*What to work on*
Go to the line with "楽しい集会が終わった後の体育" in the entries below and write out every line from there through the line with "Молодой взрослый мужчина", exactly and without pictures.

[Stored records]
━━━━━━━━

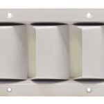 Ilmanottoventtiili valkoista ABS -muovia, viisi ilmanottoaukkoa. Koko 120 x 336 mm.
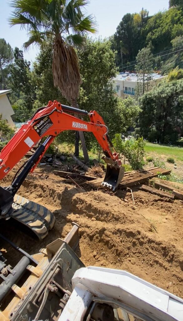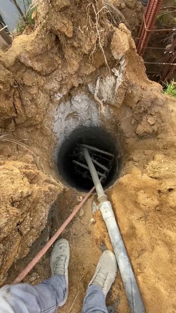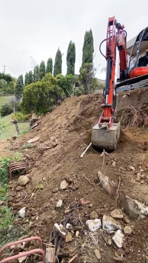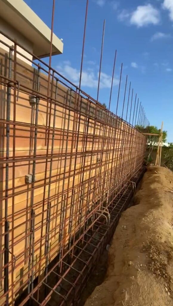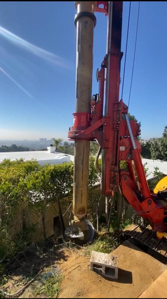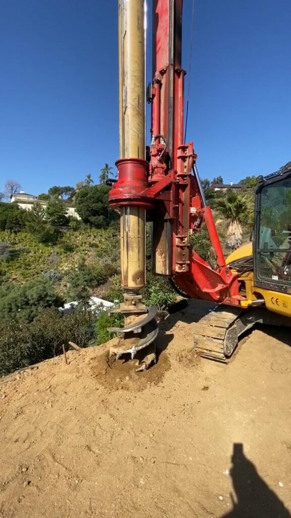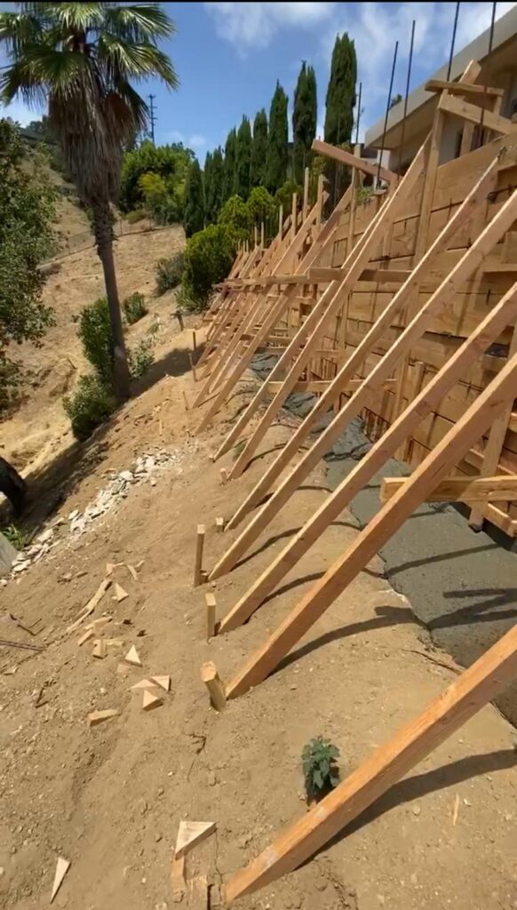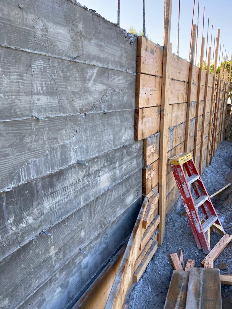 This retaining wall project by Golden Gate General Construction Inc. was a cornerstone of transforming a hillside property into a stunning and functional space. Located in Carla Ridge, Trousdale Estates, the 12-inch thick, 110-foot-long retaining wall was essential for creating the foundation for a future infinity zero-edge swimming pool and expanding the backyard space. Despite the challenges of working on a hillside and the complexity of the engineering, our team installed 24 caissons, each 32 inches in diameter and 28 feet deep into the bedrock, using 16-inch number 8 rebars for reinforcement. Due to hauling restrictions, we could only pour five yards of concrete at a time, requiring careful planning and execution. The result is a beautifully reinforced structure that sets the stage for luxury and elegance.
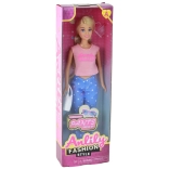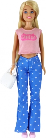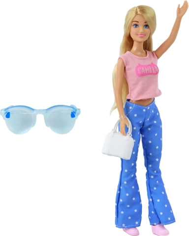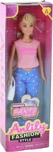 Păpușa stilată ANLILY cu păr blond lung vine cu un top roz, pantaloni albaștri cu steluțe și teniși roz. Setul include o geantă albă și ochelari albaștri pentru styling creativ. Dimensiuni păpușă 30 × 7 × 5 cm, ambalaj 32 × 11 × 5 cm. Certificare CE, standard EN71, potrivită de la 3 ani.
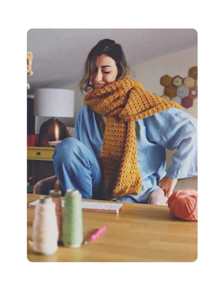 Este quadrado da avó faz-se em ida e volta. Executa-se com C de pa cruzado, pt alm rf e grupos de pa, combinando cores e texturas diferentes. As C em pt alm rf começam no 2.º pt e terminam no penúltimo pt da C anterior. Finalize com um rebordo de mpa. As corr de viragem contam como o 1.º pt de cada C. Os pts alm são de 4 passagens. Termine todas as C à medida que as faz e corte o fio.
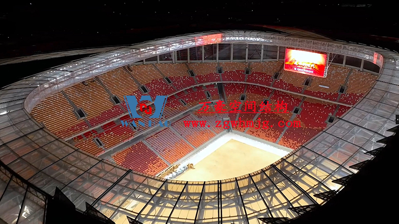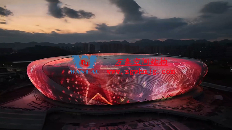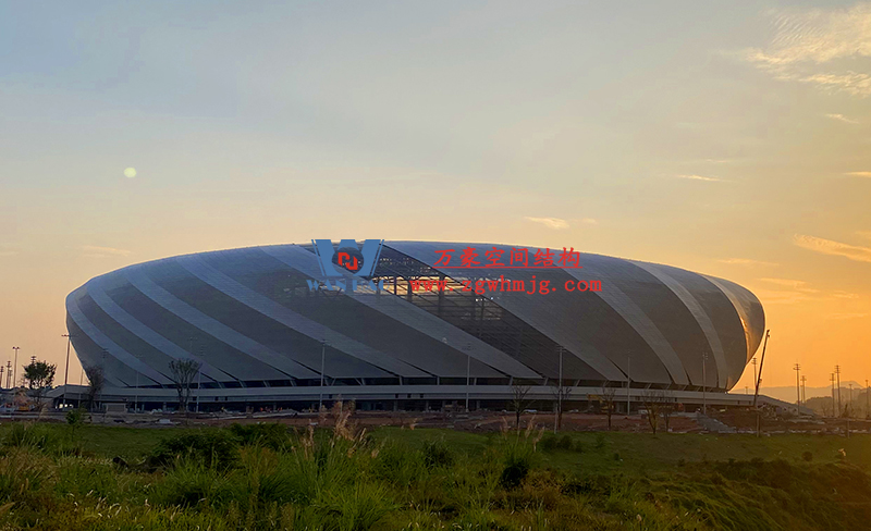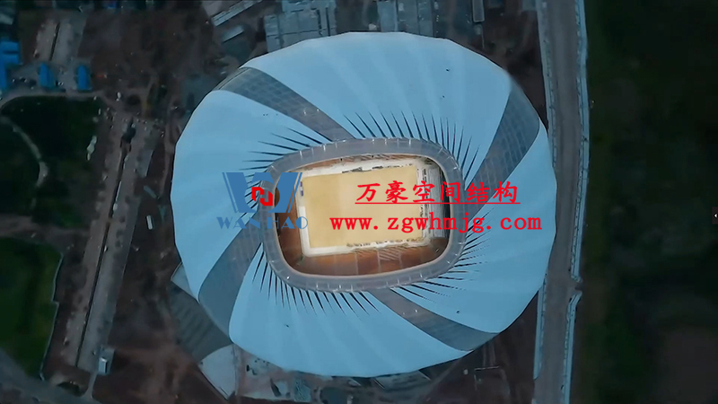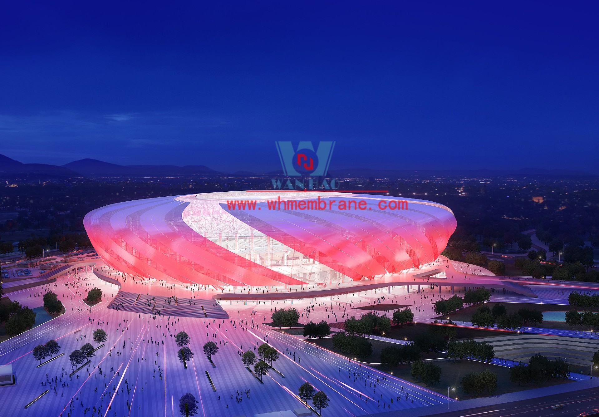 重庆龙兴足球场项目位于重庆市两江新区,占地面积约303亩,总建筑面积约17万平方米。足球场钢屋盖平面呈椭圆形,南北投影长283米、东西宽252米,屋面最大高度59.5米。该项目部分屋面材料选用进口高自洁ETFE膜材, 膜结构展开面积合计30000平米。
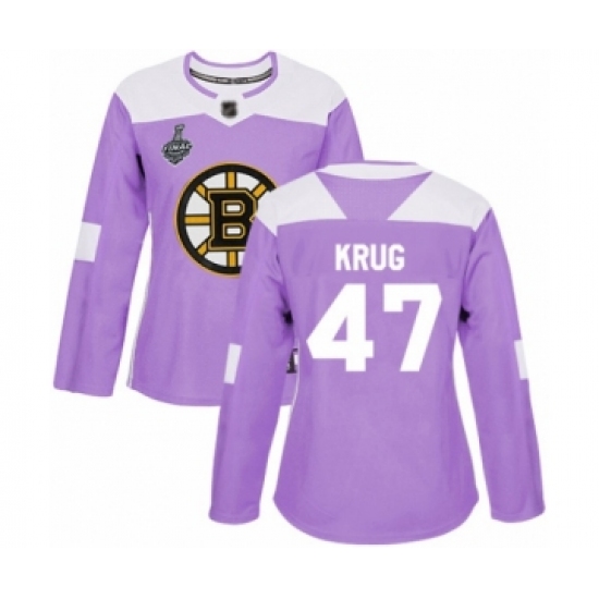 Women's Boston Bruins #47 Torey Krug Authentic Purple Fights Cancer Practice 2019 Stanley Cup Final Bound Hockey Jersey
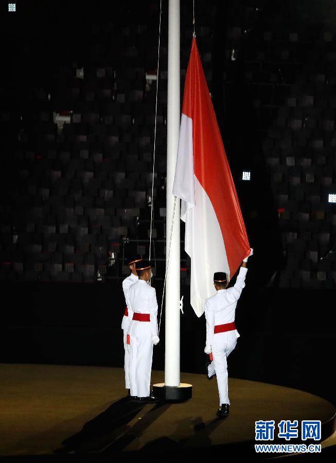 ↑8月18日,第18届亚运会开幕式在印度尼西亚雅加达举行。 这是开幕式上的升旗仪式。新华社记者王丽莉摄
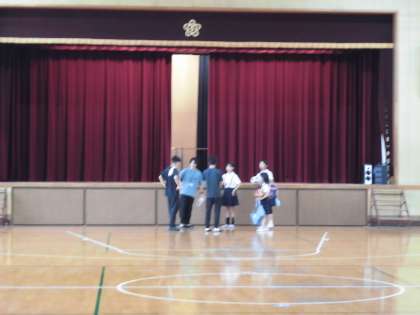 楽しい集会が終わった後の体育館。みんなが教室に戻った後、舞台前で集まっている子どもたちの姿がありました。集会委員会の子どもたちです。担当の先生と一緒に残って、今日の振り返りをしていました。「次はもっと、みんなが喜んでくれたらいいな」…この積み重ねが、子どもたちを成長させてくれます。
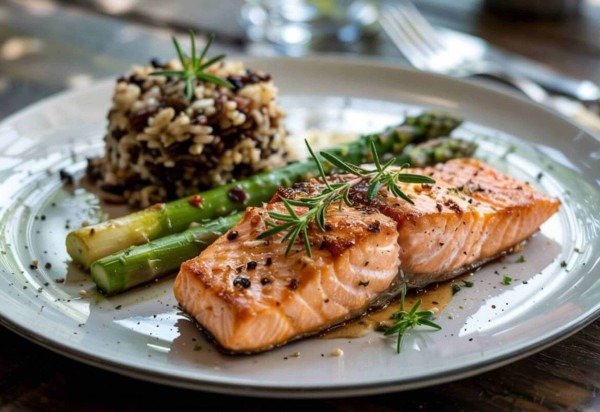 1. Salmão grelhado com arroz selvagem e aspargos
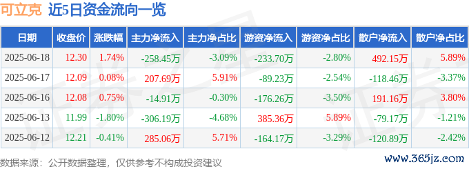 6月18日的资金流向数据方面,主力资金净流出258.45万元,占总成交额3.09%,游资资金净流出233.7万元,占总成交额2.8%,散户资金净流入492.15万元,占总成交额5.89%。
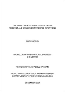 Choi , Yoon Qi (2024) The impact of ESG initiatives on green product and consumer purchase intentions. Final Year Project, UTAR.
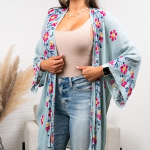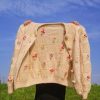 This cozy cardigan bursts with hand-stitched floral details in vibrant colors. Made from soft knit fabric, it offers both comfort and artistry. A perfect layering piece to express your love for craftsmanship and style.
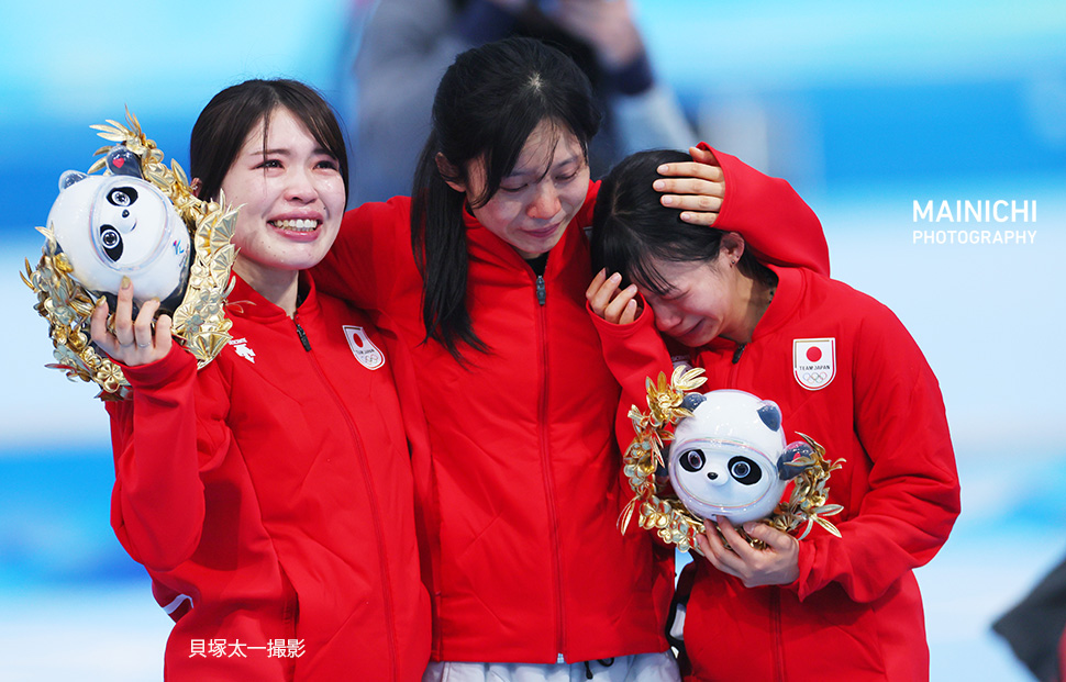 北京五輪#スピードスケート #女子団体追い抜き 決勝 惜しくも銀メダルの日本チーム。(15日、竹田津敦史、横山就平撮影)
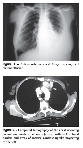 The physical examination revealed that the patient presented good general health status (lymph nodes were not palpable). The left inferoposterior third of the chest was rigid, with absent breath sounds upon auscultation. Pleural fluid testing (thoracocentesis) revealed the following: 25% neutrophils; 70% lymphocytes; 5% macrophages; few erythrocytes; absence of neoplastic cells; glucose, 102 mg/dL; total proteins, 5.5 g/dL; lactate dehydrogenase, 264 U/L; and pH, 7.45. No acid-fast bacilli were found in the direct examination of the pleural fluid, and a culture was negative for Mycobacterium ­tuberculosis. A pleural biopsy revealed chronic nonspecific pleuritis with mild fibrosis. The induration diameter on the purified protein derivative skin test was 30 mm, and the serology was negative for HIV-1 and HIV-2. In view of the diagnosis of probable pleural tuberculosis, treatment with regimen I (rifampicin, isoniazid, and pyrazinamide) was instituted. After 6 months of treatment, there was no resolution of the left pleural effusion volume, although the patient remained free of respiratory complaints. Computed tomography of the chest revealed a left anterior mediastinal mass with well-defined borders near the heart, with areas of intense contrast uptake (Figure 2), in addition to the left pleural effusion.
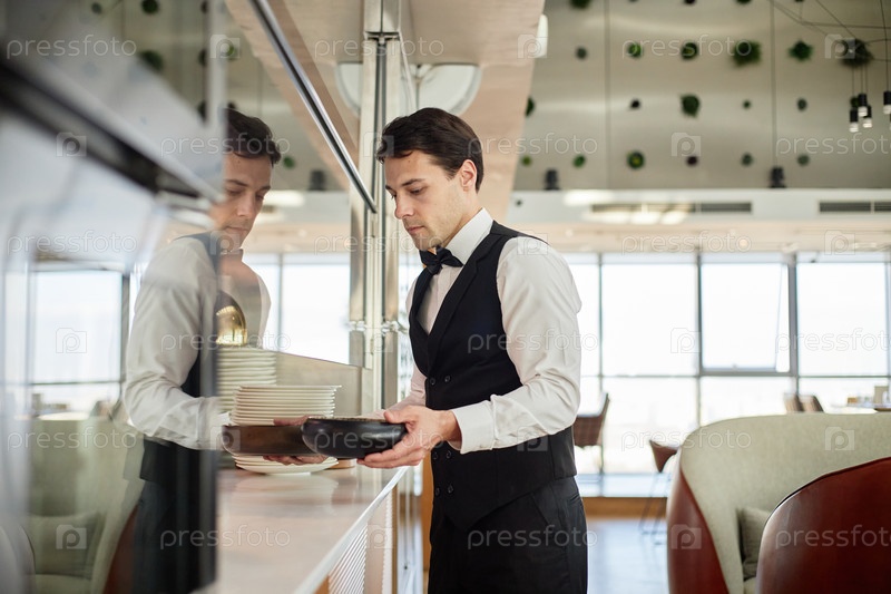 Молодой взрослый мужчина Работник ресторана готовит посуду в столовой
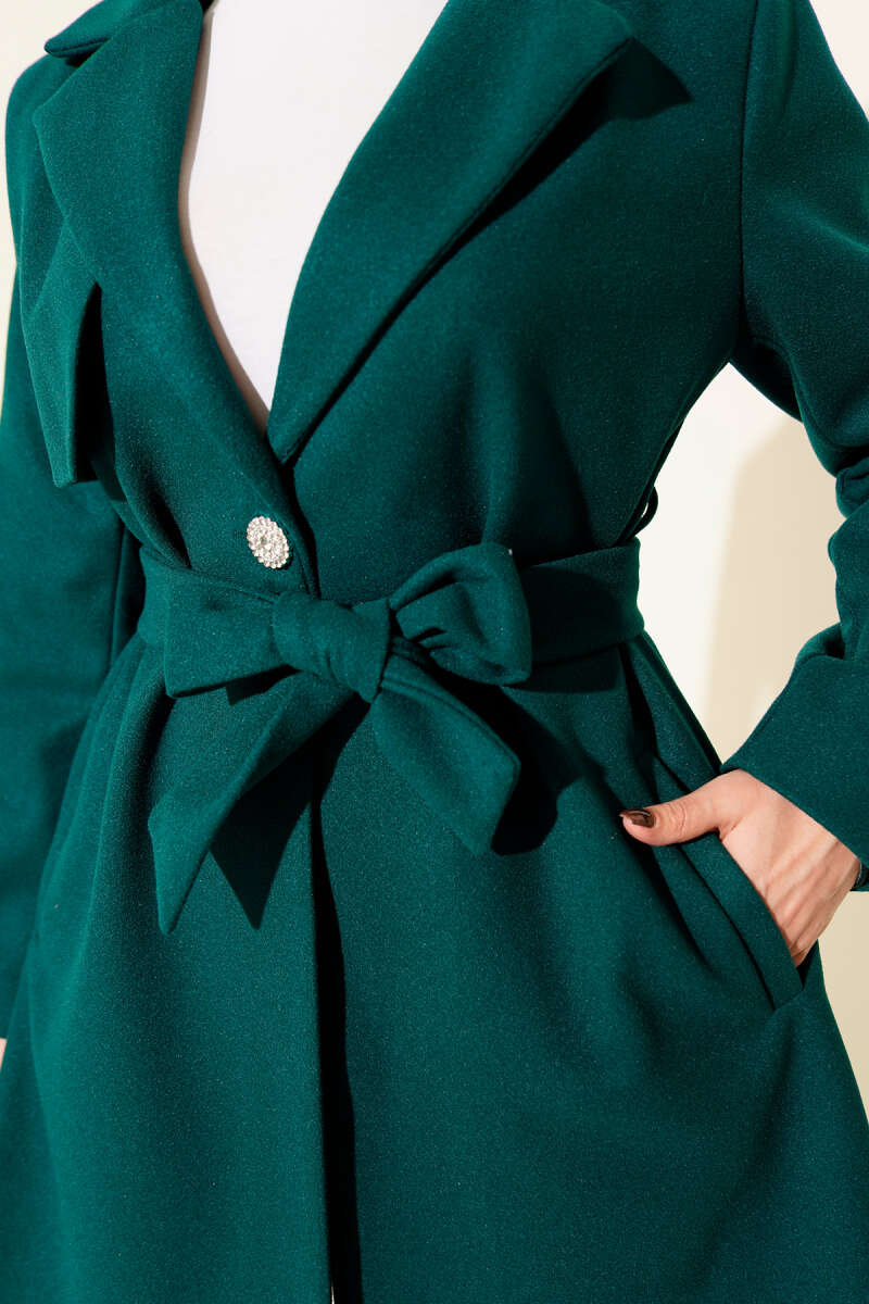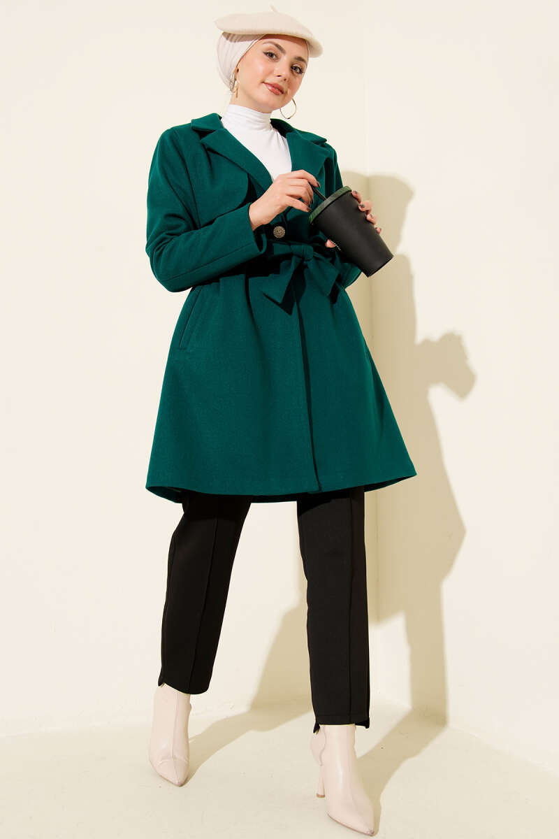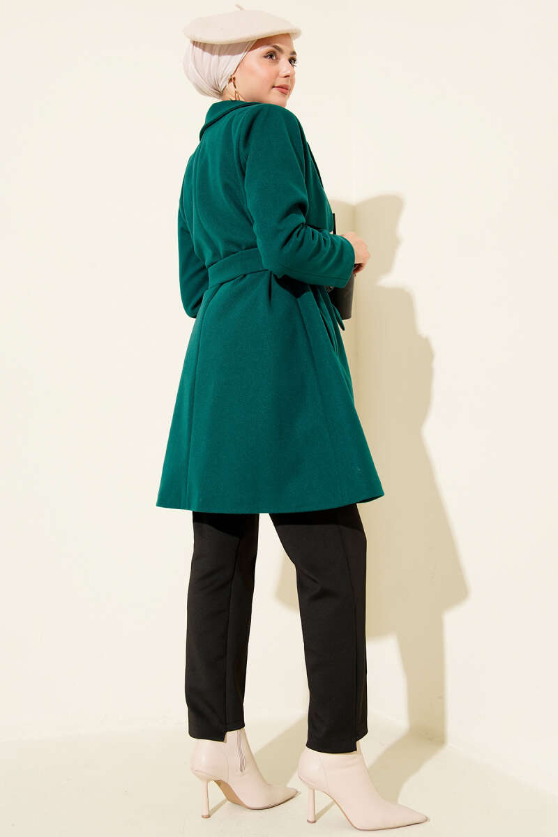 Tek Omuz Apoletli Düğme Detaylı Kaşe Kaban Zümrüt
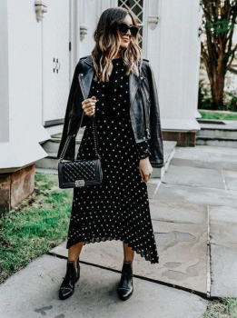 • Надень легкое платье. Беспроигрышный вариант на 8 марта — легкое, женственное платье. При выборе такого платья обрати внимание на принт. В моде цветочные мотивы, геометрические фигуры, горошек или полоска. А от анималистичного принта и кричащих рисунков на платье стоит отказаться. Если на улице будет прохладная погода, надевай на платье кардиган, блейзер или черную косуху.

━━━━━━━━

*Task answer*
 楽しい集会が終わった後の体育館。みんなが教室に戻った後、舞台前で集まっている子どもたちの姿がありました。集会委員会の子どもたちです。担当の先生と一緒に残って、今日の振り返りをしていました。「次はもっと、みんなが喜んでくれたらいいな」…この積み重ねが、子どもたちを成長させてくれます。
 1. Salmão grelhado com arroz selvagem e aspargos
 6月18日的资金流向数据方面,主力资金净流出258.45万元,占总成交额3.09%,游资资金净流出233.7万元,占总成交额2.8%,散户资金净流入492.15万元,占总成交额5.89%。
 Choi , Yoon Qi (2024) The impact of ESG initiatives on green product and consumer purchase intentions. Final Year Project, UTAR.
 This cozy cardigan bursts with hand-stitched floral details in vibrant colors. Made from soft knit fabric, it offers both comfort and artistry. A perfect layering piece to express your love for craftsmanship and style.
 北京五輪#スピードスケート #女子団体追い抜き 決勝 惜しくも銀メダルの日本チーム。(15日、竹田津敦史、横山就平撮影)
 The physical examination revealed that the patient presented good general health status (lymph nodes were not palpable). The left inferoposterior third of the chest was rigid, with absent breath sounds upon auscultation. Pleural fluid testing (thoracocentesis) revealed the following: 25% neutrophils; 70% lymphocytes; 5% macrophages; few erythrocytes; absence of neoplastic cells; glucose, 102 mg/dL; total proteins, 5.5 g/dL; lactate dehydrogenase, 264 U/L; and pH, 7.45. No acid-fast bacilli were found in the direct examination of the pleural fluid, and a culture was negative for Mycobacterium ­tuberculosis. A pleural biopsy revealed chronic nonspecific pleuritis with mild fibrosis. The induration diameter on the purified protein derivative skin test was 30 mm, and the serology was negative for HIV-1 and HIV-2. In view of the diagnosis of probable pleural tuberculosis, treatment with regimen I (rifampicin, isoniazid, and pyrazinamide) was instituted. After 6 months of treatment, there was no resolution of the left pleural effusion volume, although the patient remained free of respiratory complaints. Computed tomography of the chest revealed a left anterior mediastinal mass with well-defined borders near the heart, with areas of intense contrast uptake (Figure 2), in addition to the left pleural effusion.
 Молодой взрослый мужчина Работник ресторана готовит посуду в столовой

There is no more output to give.